If there are multiple features, we can calculate the posterior probability of each class, given the evidence (weather and temperature), for example, $P(Yes|Sunny, Cool)$:
$$ P(Yes|Sunny, Cool) = \frac{P(Sunny, Cool|Yes)P(Yes)}{P(Sunny, Cool)} = \frac{P(Sunny|Yes)P(Cool|Yes)P(Yes)}{P(Sunny)P(Cool)} $$

## Naive Bayes for text classification
You need a document $d$, a set of classes $C = {c_1, c_2, ..., c_n}$, and a set of $m$ hand-labelled documents $(d_1, c_1), (d_2, c_2), ..., (d_m, c_m)$. The for a document $d$, we want to find the class $c$ that maximizes the posterior probability $P(c|d)$.

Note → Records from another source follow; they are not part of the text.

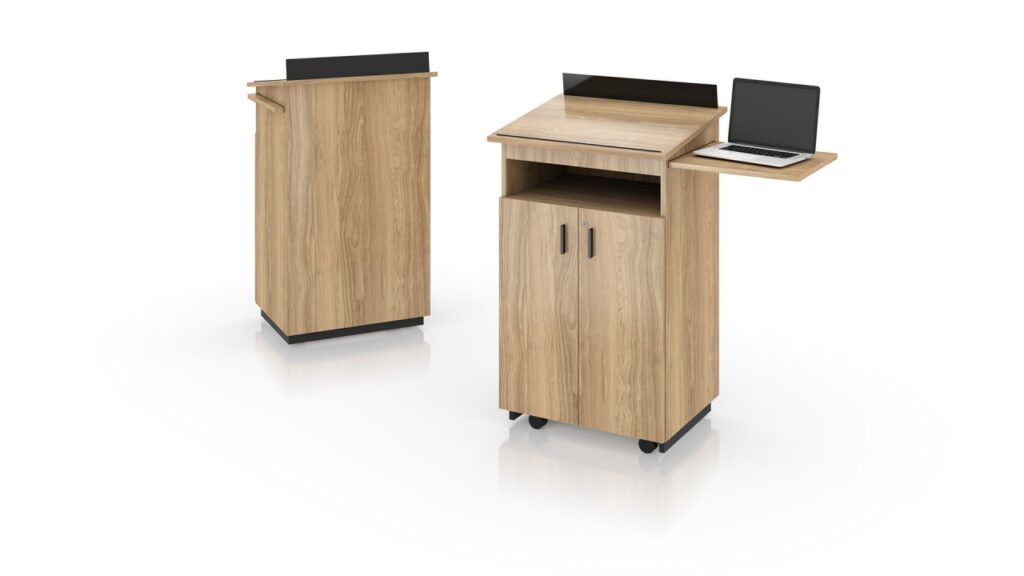 Lecterns, designed to elevate presentations with style and functionality. Crafted with precision and durability, our lecterns are ideal for conference rooms, lecture halls, and auditoriums. Available in various finishes and materials such as wood, acrylic, or metal, they offer a sleek and professional appearance. Our lecterns feature spacious reading surfaces, integrated storage compartments for multimedia equipment, and optional features like built-in microphones and connectivity ports. Whether used for speeches, lectures, or presentations, our lecterns ensure clarity and professionalism, making them essential for any speaking engagement in both corporate and educational settings.
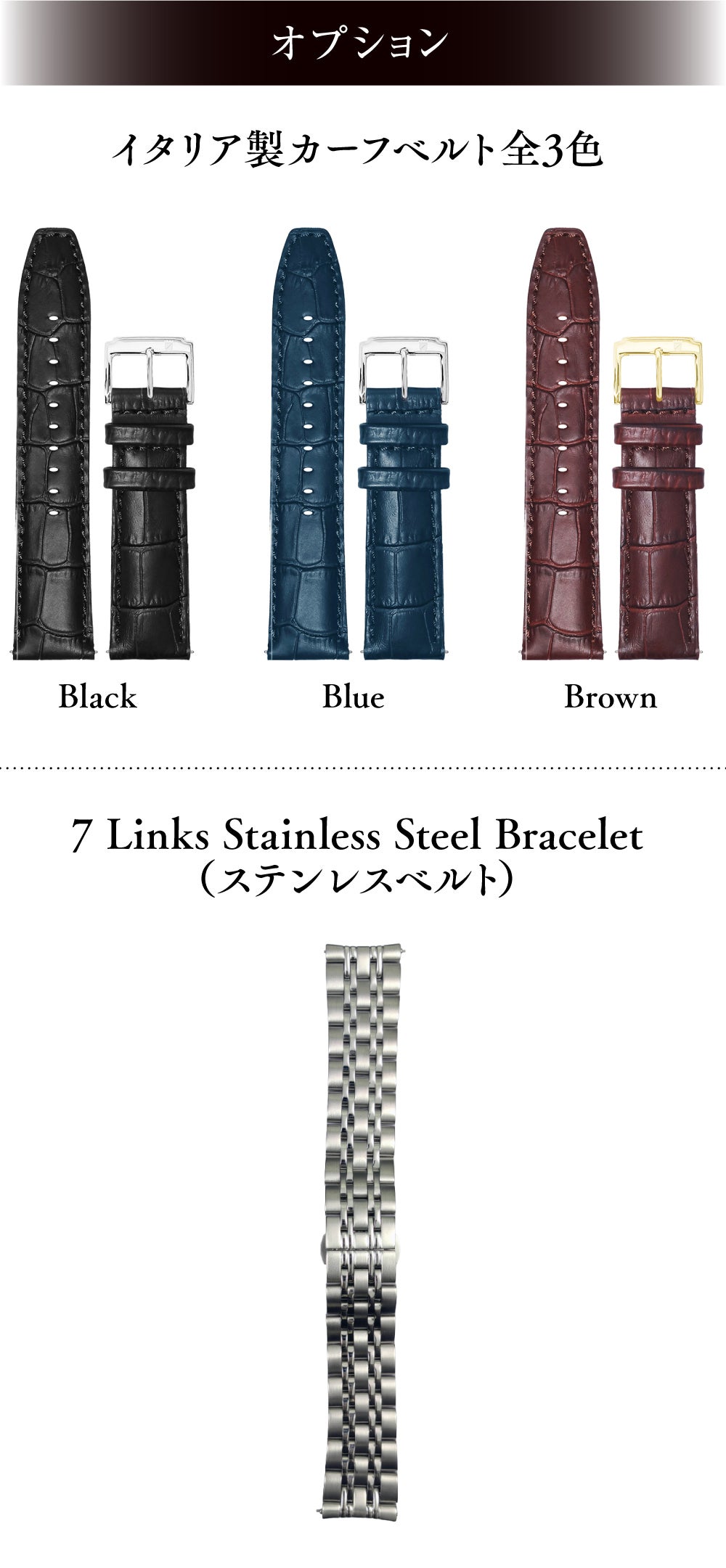 ※機械式時計は磁気の近くで長時間使用すると、使われているパーツが磁気を帯び故障の原因となります。ご使用の際はマグネットブレスなど磁石を用いたアクセサリーとの併用を避け、磁石が無い場所で保管してください。
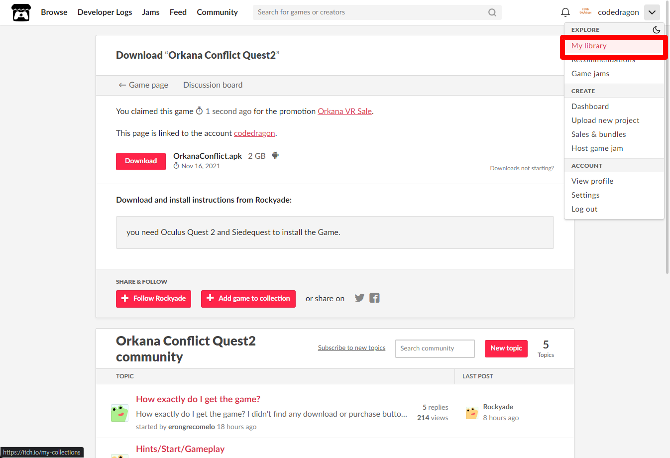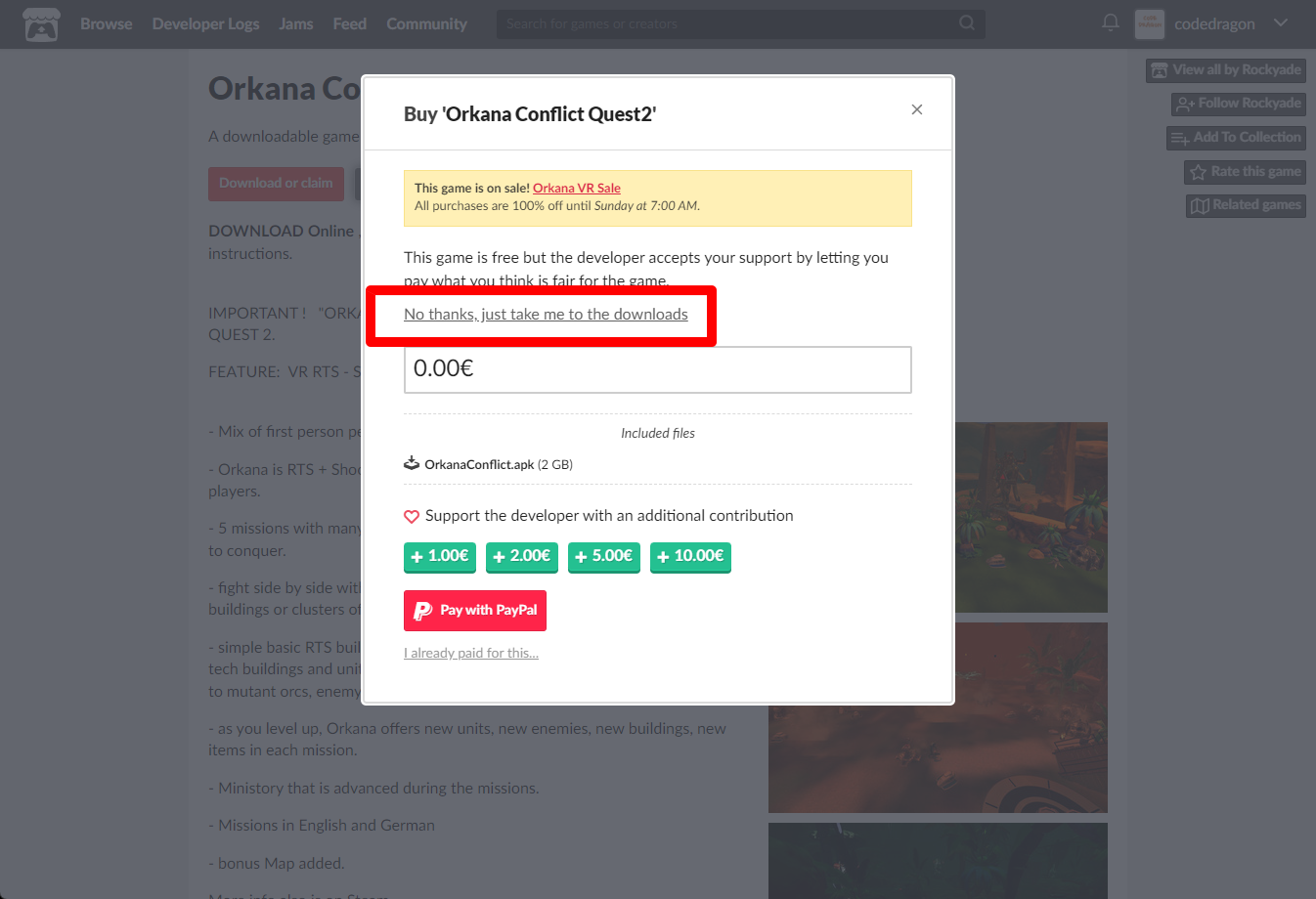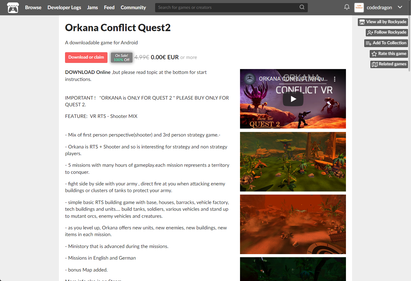 "Orkana Conflict Quest2" 페이지에 있는 [Download or claim]을 클릭합니다.

$$ P(c|d) = \frac{P(c)P(d|c)}{P(d)} = \frac{P(c)\prod\limits_{i=1}^n P(w_i|c)}{P(d)}$$
Here, there are two assumptions : bag of words (position doesn't matter) and conditional independence.
Then, we pick the most probable class: $$c_{MAP} = \arg\max\limits_{c} P(c)\prod\limits_{i=1}^n P(w_i|c)$$
Here, $$ P(c_j) = \frac{docCount(C = c_j)}{N_{doc}} $$ and $$ P(w_i|c_j) = \frac{wordCount(w_i, C = c_j)}{\sum\limits_{w \in V} wordCount(w, C = c_j)} $$, where $V$ is the vocabulary.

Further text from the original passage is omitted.